RECORD EXTRACTS:
+++++

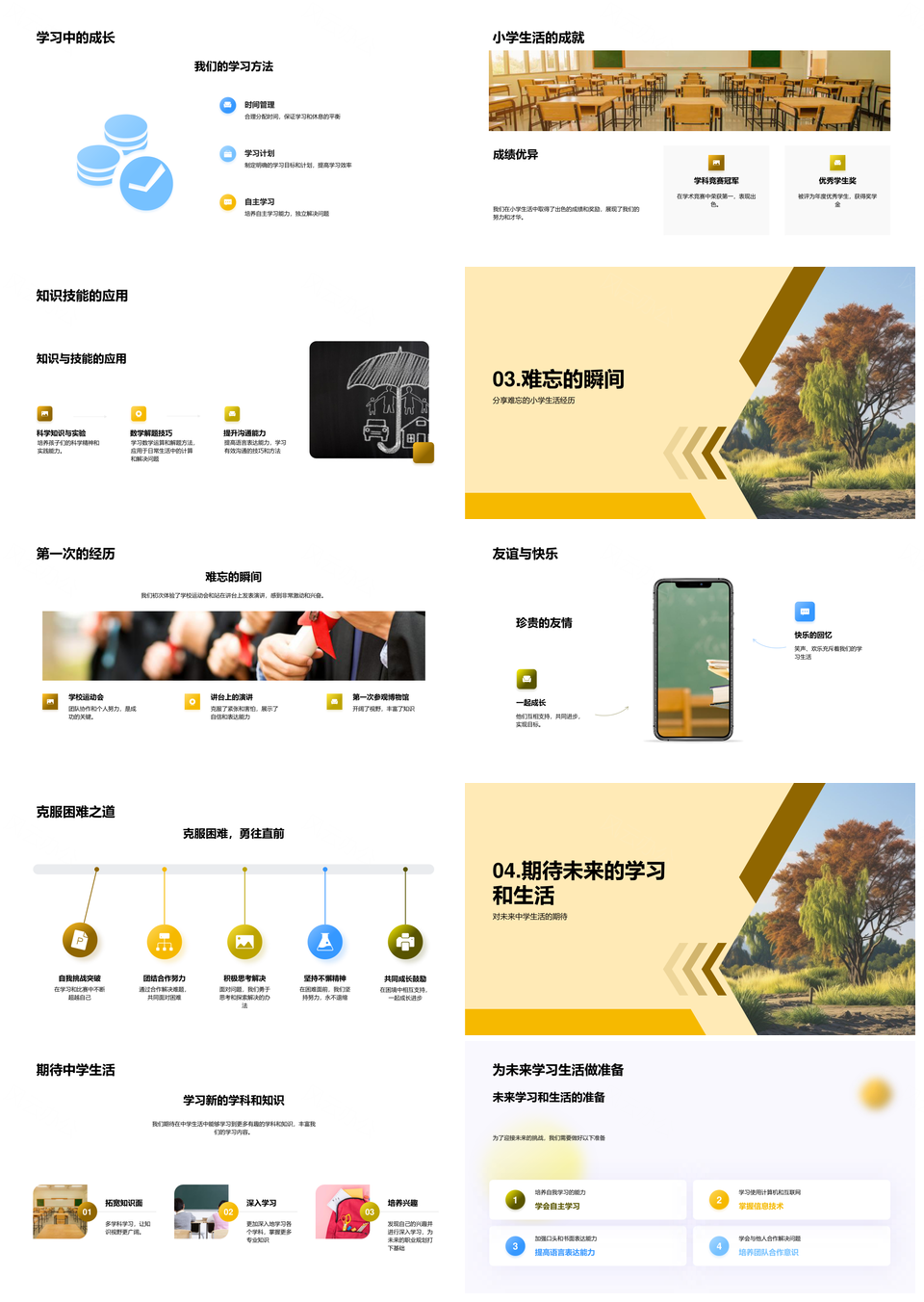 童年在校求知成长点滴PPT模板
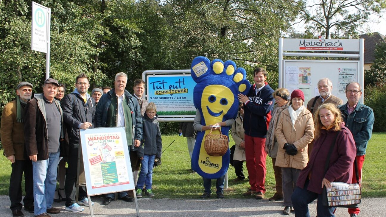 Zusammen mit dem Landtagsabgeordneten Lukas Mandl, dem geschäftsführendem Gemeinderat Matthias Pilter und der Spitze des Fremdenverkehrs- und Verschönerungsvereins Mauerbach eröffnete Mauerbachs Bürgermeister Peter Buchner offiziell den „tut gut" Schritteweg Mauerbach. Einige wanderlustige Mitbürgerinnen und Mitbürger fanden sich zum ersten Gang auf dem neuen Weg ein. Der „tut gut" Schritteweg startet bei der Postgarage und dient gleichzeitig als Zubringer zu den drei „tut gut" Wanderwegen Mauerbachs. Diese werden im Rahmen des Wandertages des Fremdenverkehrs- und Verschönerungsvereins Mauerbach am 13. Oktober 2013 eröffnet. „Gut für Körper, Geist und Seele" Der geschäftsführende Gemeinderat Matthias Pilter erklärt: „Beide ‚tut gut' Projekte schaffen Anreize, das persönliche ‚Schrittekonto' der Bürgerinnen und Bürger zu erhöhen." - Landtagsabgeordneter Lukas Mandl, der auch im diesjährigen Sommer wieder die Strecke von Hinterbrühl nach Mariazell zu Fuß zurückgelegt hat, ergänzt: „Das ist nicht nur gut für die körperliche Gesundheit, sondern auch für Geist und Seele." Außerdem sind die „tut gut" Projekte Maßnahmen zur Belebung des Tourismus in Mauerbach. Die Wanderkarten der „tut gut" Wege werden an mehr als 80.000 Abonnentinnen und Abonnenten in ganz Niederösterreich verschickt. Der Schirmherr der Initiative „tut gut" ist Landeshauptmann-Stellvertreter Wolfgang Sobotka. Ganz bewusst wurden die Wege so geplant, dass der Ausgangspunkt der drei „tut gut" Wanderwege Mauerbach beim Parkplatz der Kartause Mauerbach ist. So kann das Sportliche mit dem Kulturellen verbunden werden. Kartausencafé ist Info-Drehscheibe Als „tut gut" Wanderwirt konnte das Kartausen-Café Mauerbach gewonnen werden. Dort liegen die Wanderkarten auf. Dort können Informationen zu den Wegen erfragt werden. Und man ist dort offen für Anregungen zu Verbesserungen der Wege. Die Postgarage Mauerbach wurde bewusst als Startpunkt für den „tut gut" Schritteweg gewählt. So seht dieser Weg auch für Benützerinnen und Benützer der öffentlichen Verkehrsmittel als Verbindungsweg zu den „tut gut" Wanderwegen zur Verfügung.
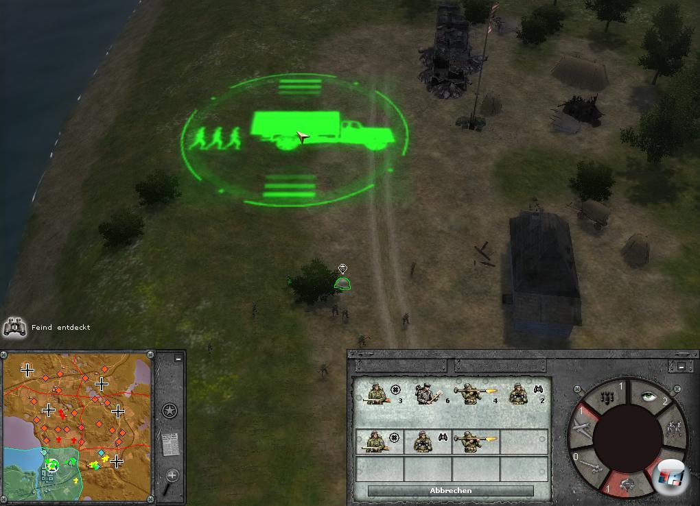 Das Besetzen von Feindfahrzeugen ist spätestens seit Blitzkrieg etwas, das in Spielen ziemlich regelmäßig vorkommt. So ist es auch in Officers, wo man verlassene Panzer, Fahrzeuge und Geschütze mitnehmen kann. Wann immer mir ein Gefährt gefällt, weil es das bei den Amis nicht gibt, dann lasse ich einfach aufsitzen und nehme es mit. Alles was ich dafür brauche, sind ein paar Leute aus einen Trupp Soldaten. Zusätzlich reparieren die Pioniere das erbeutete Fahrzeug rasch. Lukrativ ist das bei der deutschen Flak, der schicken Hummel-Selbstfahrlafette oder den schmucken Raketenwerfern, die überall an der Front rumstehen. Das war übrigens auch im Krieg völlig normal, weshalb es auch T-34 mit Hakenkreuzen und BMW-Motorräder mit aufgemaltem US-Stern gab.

+++++

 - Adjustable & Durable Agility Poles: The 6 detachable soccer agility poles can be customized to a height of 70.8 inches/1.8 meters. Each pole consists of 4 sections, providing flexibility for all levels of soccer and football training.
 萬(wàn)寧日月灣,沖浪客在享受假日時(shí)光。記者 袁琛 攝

+++++

TRY IT: Within the listing above, print exactly the stretch beginning at the line that contains "童年在校求知成长点滴PPT模板" and finishing at the line that contains "Zusammen mit dem", ends kept, pictures left out, and nothing more.

TASK RESULT:
 童年在校求知成长点滴PPT模板
 Zusammen mit dem Landtagsabgeordneten Lukas Mandl, dem geschäftsführendem Gemeinderat Matthias Pilter und der Spitze des Fremdenverkehrs- und Verschönerungsvereins Mauerbach eröffnete Mauerbachs Bürgermeister Peter Buchner offiziell den „tut gut" Schritteweg Mauerbach. Einige wanderlustige Mitbürgerinnen und Mitbürger fanden sich zum ersten Gang auf dem neuen Weg ein. Der „tut gut" Schritteweg startet bei der Postgarage und dient gleichzeitig als Zubringer zu den drei „tut gut" Wanderwegen Mauerbachs. Diese werden im Rahmen des Wandertages des Fremdenverkehrs- und Verschönerungsvereins Mauerbach am 13. Oktober 2013 eröffnet. „Gut für Körper, Geist und Seele" Der geschäftsführende Gemeinderat Matthias Pilter erklärt: „Beide ‚tut gut' Projekte schaffen Anreize, das persönliche ‚Schrittekonto' der Bürgerinnen und Bürger zu erhöhen." - Landtagsabgeordneter Lukas Mandl, der auch im diesjährigen Sommer wieder die Strecke von Hinterbrühl nach Mariazell zu Fuß zurückgelegt hat, ergänzt: „Das ist nicht nur gut für die körperliche Gesundheit, sondern auch für Geist und Seele." Außerdem sind die „tut gut" Projekte Maßnahmen zur Belebung des Tourismus in Mauerbach. Die Wanderkarten der „tut gut" Wege werden an mehr als 80.000 Abonnentinnen und Abonnenten in ganz Niederösterreich verschickt. Der Schirmherr der Initiative „tut gut" ist Landeshauptmann-Stellvertreter Wolfgang Sobotka. Ganz bewusst wurden die Wege so geplant, dass der Ausgangspunkt der drei „tut gut" Wanderwege Mauerbach beim Parkplatz der Kartause Mauerbach ist. So kann das Sportliche mit dem Kulturellen verbunden werden. Kartausencafé ist Info-Drehscheibe Als „tut gut" Wanderwirt konnte das Kartausen-Café Mauerbach gewonnen werden. Dort liegen die Wanderkarten auf. Dort können Informationen zu den Wegen erfragt werden. Und man ist dort offen für Anregungen zu Verbesserungen der Wege. Die Postgarage Mauerbach wurde bewusst als Startpunkt für den „tut gut" Schritteweg gewählt. So seht dieser Weg auch für Benützerinnen und Benützer der öffentlichen Verkehrsmittel als Verbindungsweg zu den „tut gut" Wanderwegen zur Verfügung.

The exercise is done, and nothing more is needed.